СЕРГЕЙ ЗАЛЫГИН - После бури. Книга вторая
У Корнилова дыхание перехватило от злобы, от ненависти, от растерянности, от чувства своего удивительного какого-то бессилия, а Витюля ничего. Стоял, поглядывал то в потолок, то в один угол комнаты, то в другой, а изредка и на Корнилова. Беседа начинала ему уже надоедать, но он крепился, терпел, Витюля. Он был вежлив.
— Бедный, бедный Никанор Евдокимович! И за что он любит негодяя? И почему у него нет сил выбросить тебя из своего дома7
— Да, да, это бывает. У стариков. Они понимают, что надо сделать, но не могут, вот и все!
И Витюля, поискав глазами стул, подвинул его к себе, сел.
— Вы уж извините, дядя Петя, но я очень устал сегодня. Я ведь и правда нездоров, мне полежать надо, отдохнуть, честное слово!
— Ты, Витюля, нахал! И подлый человек! Пошел вон!
— Нет, дядя Петя, мне идти сегодня некуда. Я у вас переночую, а завтра уйду, не буду мешать вам думать, что Витюля подлый, а дядя Петя Корнилов и Сапожков-профессор — люди не подлые, а благородные. Завтра думайте, как хотите, а сейчас постелите мне, ну, вот хотя бы здесь, в этом углу. И чайку дайте горяченького. И хлеба с маслом. Если уж вы такие благородные... Я-то, по крайней мере, не хитрю, не изворачиваюсь, я какой есть, такой и есть, а вы? Я-то ничего не боюсь, ни в чем для меня беды нет, а вы? Вы всего боитесь, вы заладили, будто жизнь должна быть такая, как у вас, если же она получается не такой, вы в ужасе, в петлю готовы лезть, напрудить под себя готовы. Вы и не знаете, что такая жизнь, как у меня, тоже бывает у многих людей и эти люди такие же, как и все другие.

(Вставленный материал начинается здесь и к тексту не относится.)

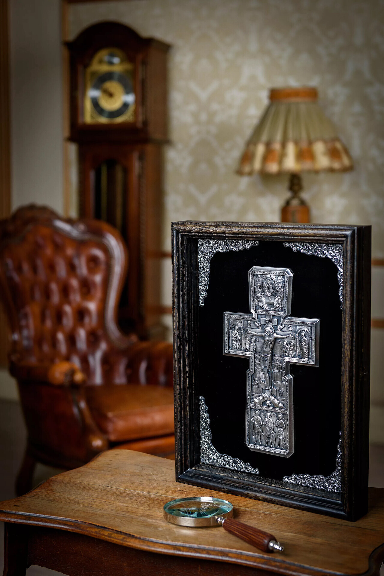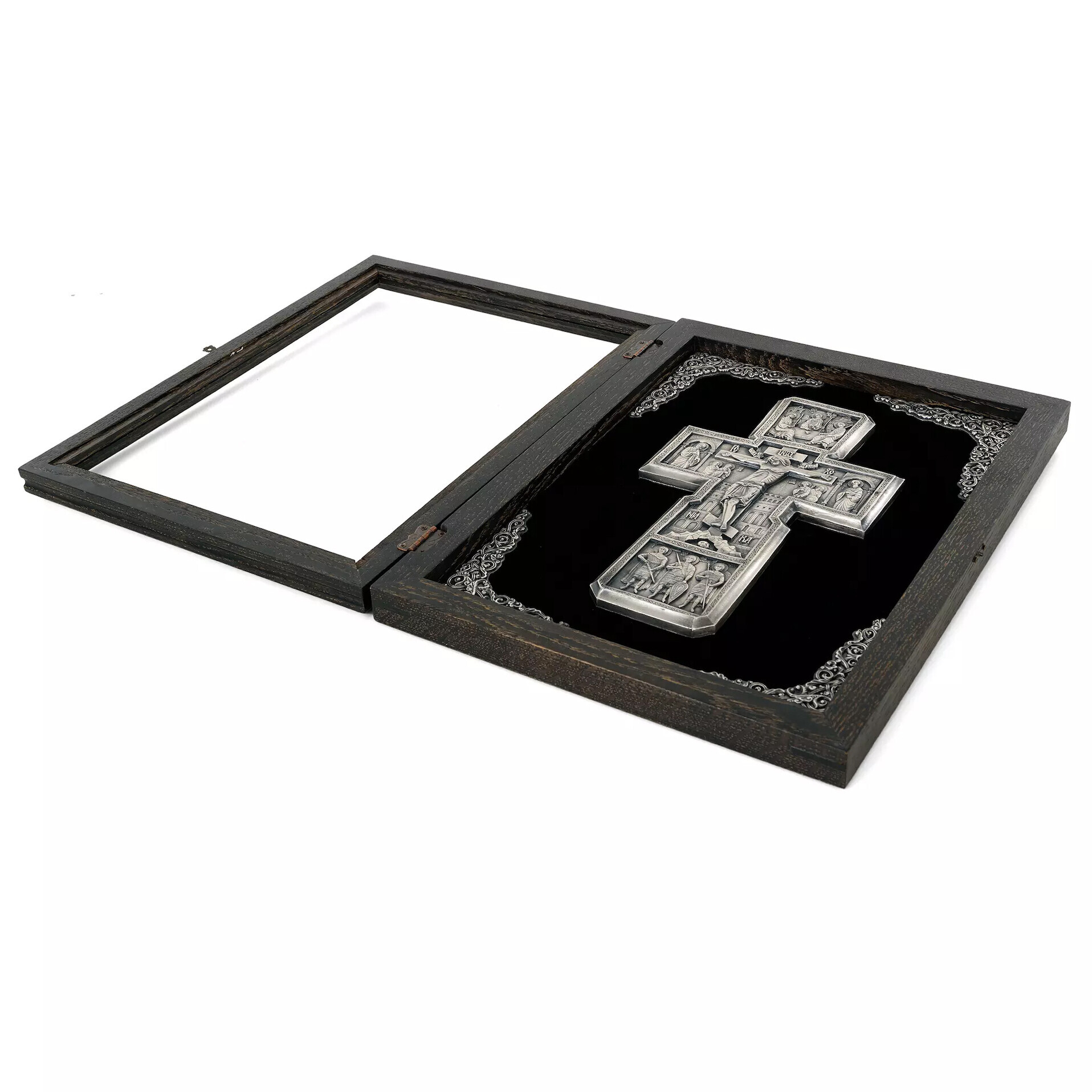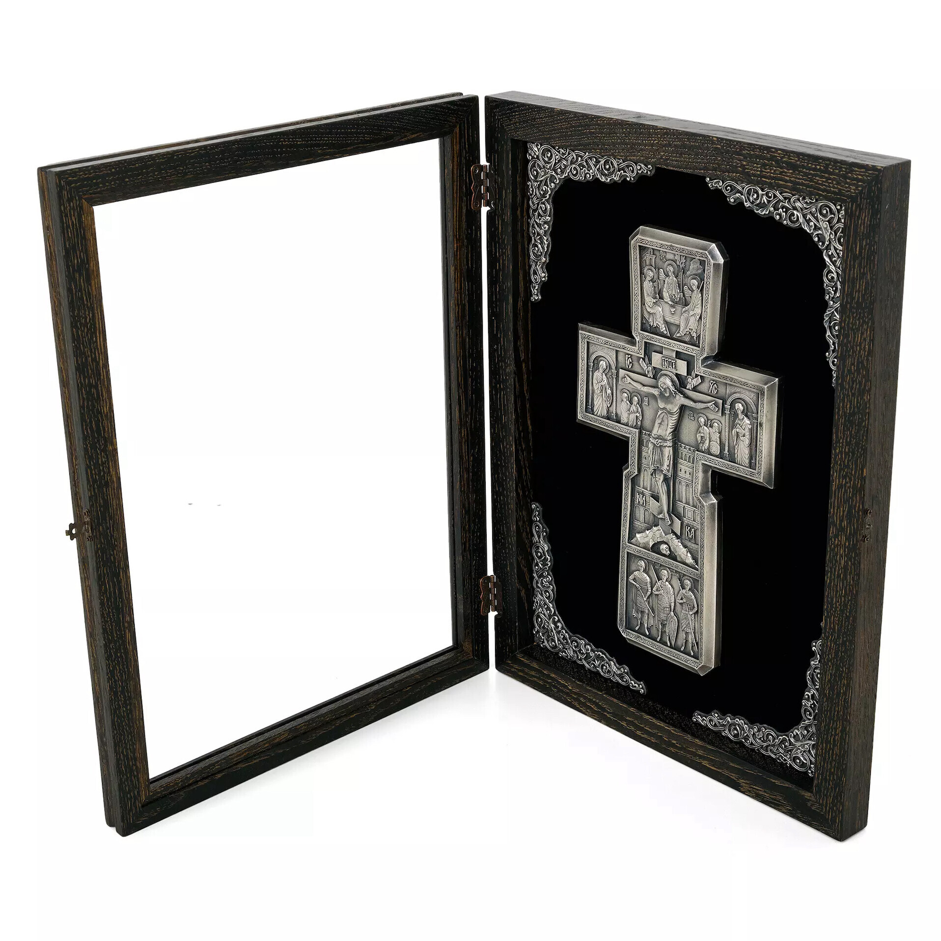 Crucea este incadrata intr-o rama eleganta, lucrata din lemn natural de stejar tonifiat, oferind un contrast cald si sobru in acelasi timp. Pentru protectie si un plus de rafinament, intreaga lucrare este asezata sub geam de sticla, pastrandu-si astfel frumusetea in timp.
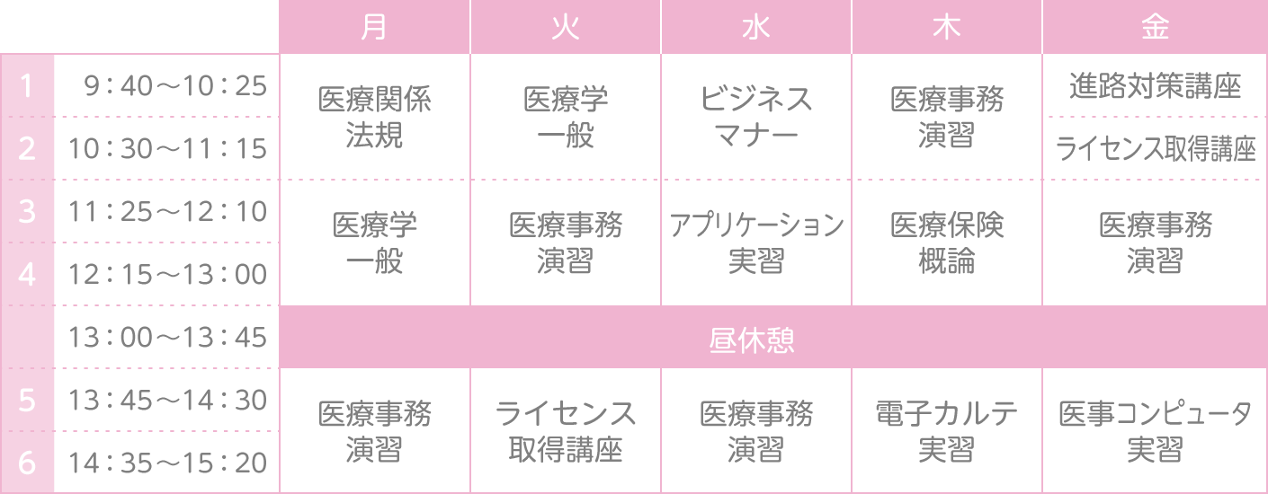 正社員として就職できる!1年間で即戦力となり正社員として就職できるよう、授業では実践を重視しています。病院やクリニックで導入されている医事コンピュータや、導入が進む電子カルテの操作・入力方法を身につけ、スキルの証として資格も取得します。

— Витюля! Я схожу к Никанору Евдокимовичу, разбужу и приведу его сюда!
— Пока вы сходите, дядя Петя, я у вас ни одного стекла в окне не оставлю, все вышибу. А он, благородный-то Никанор Евдокимович, он вам за стекла заплатит. А он у-у-у какой жадюга! У-у-у! Мне двадцать пять целковых понадобилось для важного дела, не дал. Начал плести разную чушь о взятках, о клятвах гиппопотама... Так пойдете вы, дядя Петя, за дядей Никой? Не стоит ходить. Нет смысла. Не советую.
— Сначала я тебя, щенка, выброшу из своей комнаты — сказал Корнилов и приблизился к Витюле, но ему было противно к Витюле прикасаться и он снова отошел, Витюля, заметив это, спросил:
— Как вы меня выбросите, дядя Петя? С применением физической силы? А я думал, что интеллигенты физическую силу не применяют. Что это только хулиганы ее применяют, а больше никто! Нет, действительно вы меня все больше и больше удивляете, дядя Петя. Вы и представить себе не можете, как вы меня удивляете! Вот и все...
Корнилов тоже сел, так они посидели молча минуту, Витюля глядел в потолок, Корнилов на Витюлю.
...Все могло быть. Корнилов мог треснуть Витюлю чем попало по башке, мог выбросить в дверь, мог закричать что-то дико, а мог и постелить Витюле какую-никакую постель в углу.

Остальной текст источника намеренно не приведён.